# Please identify my childhood slingshot



## Cerian (May 21, 2013)

Gentlemen,

As a 60's child I owned often a small, powerful, nicely cast, aluminium slingshot, (in England, then, called a catapult, and with which I was considered a marksman), with a distinctly recessed thumb grip, twin wooden pegs to hold the square rubber, and a small leather pouch, but of which I can find no pictures or words in Google.

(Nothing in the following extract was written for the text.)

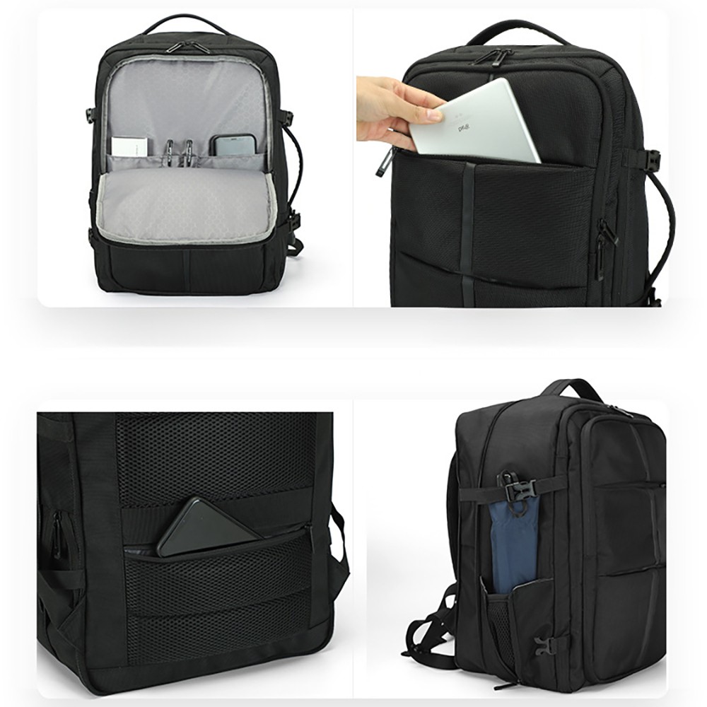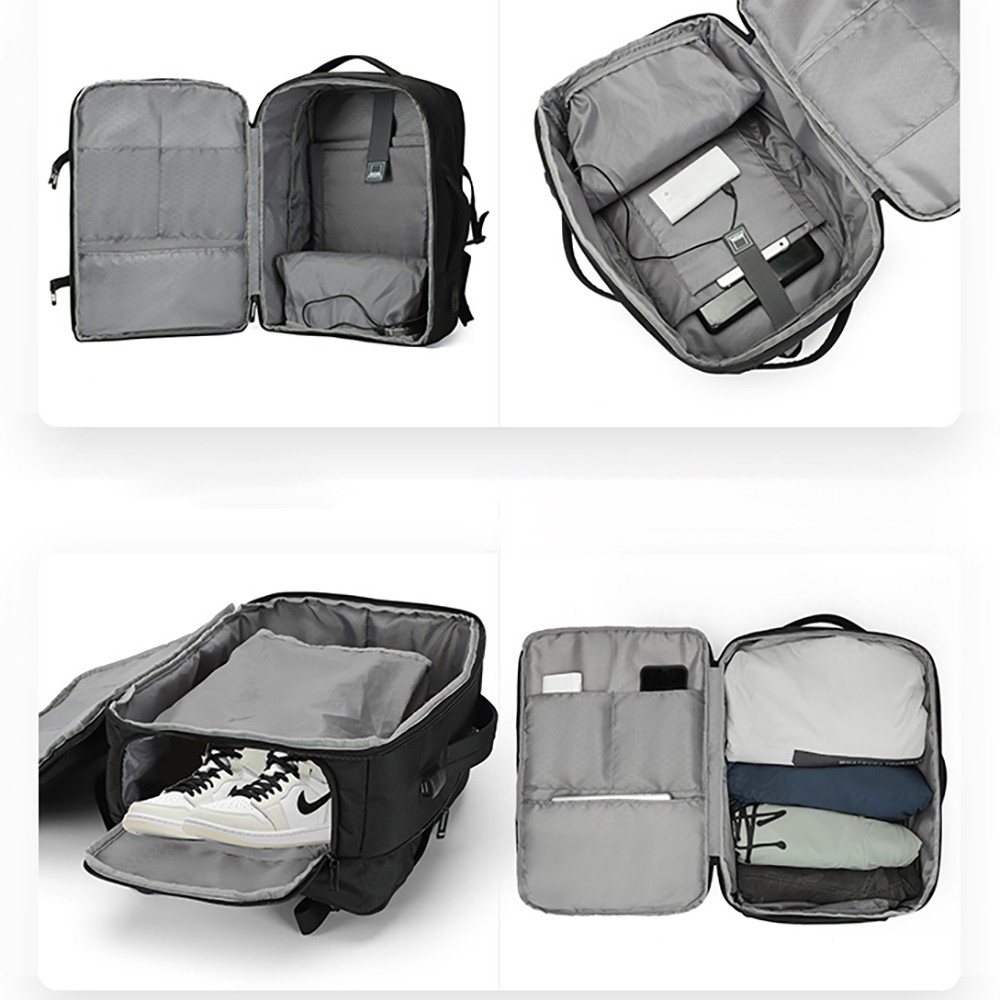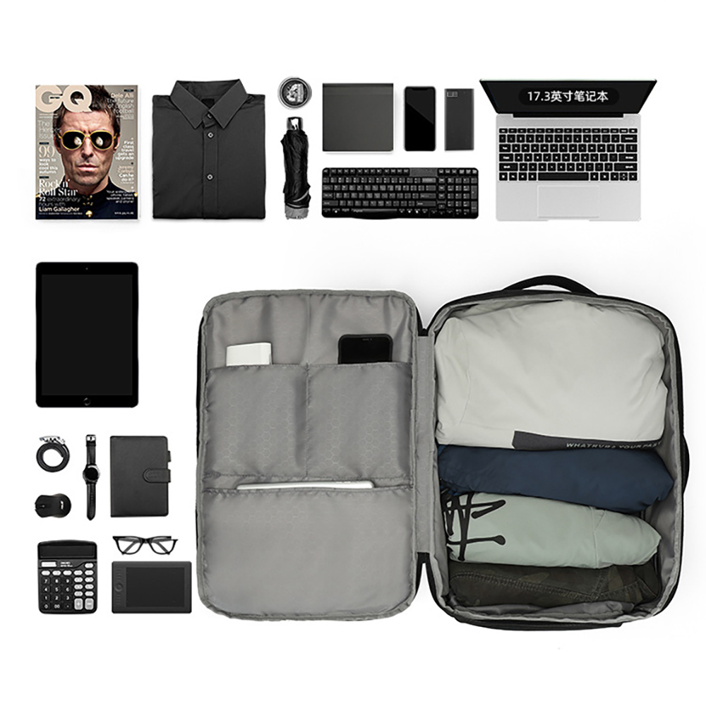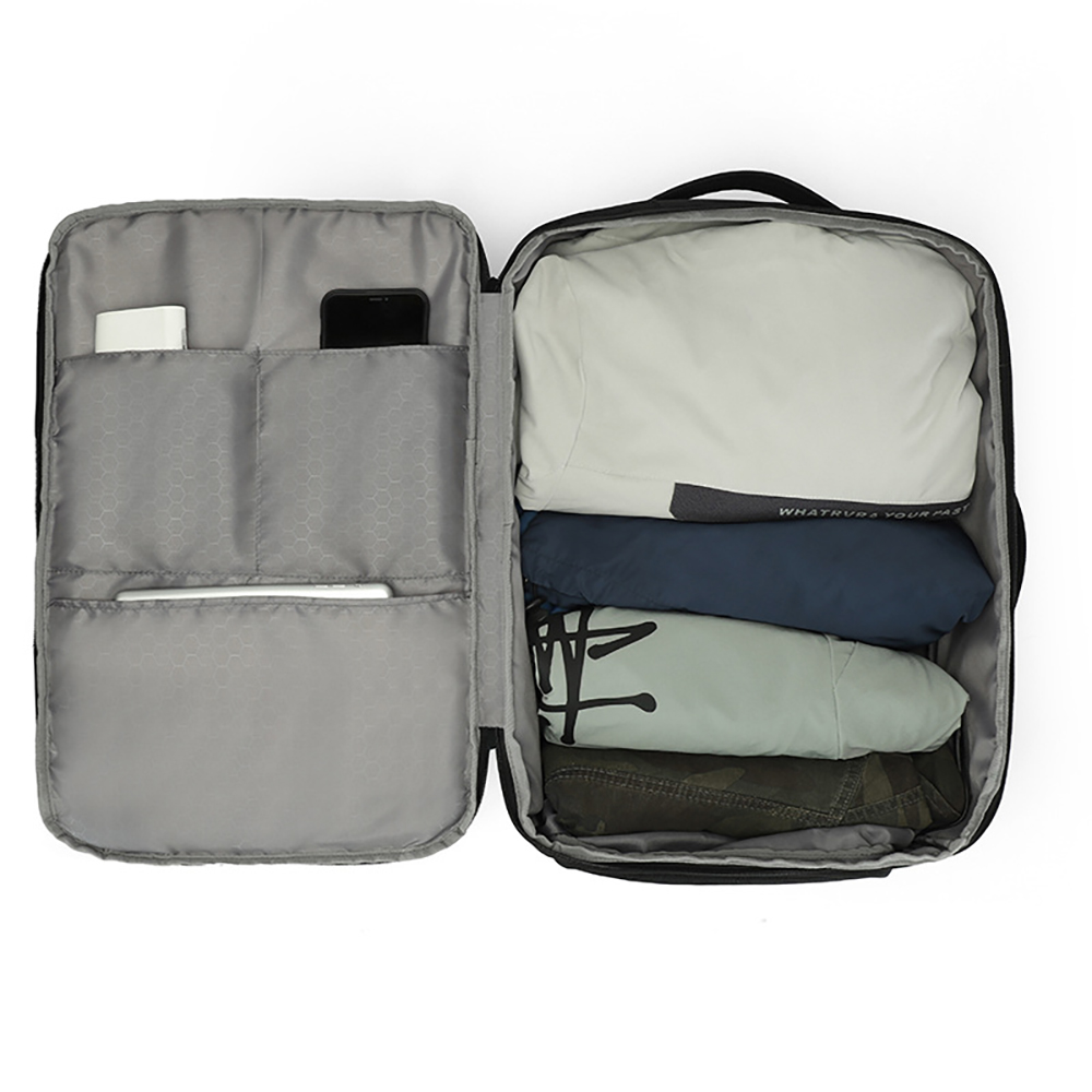 180° Fully Open Large-capacity Main Compartment: It can be fully opened like a suitcase, equipped with clothing fixing straps, which can easily hold 4-5 pieces of clothes, meeting the storage needs of 3-5 day short business trips;

Does anyone recognize such?

Thankyou


----------



## The Warrior (Jan 30, 2012)

This? http://slingshotforum.com/gallery/image/1084-16-milbro/


----------



## Cerian (May 21, 2013)

Sir,

It is that model exactly.

Thankyou


----------



## The Warrior (Jan 30, 2012)

Cerian said:


> Sir,
> 
> It is that model exactly.
> 
> Thankyou


You're welcome. I had a feeling it was a Milbro.


----------



## The Warrior (Jan 30, 2012)

By the way, welcome to the forum.

You can still find these for sale occasionally. Hope it's okay to post up a link: http://www.ebay.com/itm/catapult-slingshot-in-the-milbro-style-aluminium-complete-/111063948499?pt=UK_SportingGoods_Hunting_ShootingSports_ET&hash=item19dbed5cd3

Not saying this is exactly what you had, but the same style.


----------



## Cerian (May 21, 2013)

Sir,

Thankyou for the welcome.

Is there an explanation why Milbro sell reproductions of the above model, without rubber or pouch, for the outrageous price of £GBP42 ($US64) (I remember they cost me 5/6d or 55p).

It is not for some nostalgic loyalty that I wish to reacquire this model, but for its small size, and mainly for the thumb grip, which, trying a slingshot recently, I find indispensible for accuracy.

Thankyou


----------



## The Warrior (Jan 30, 2012)

I have no idea really. I'm sure one of the collectors will see this and have a good idea.


----------



## Cerian (May 21, 2013)

Sir,

Thankyou


----------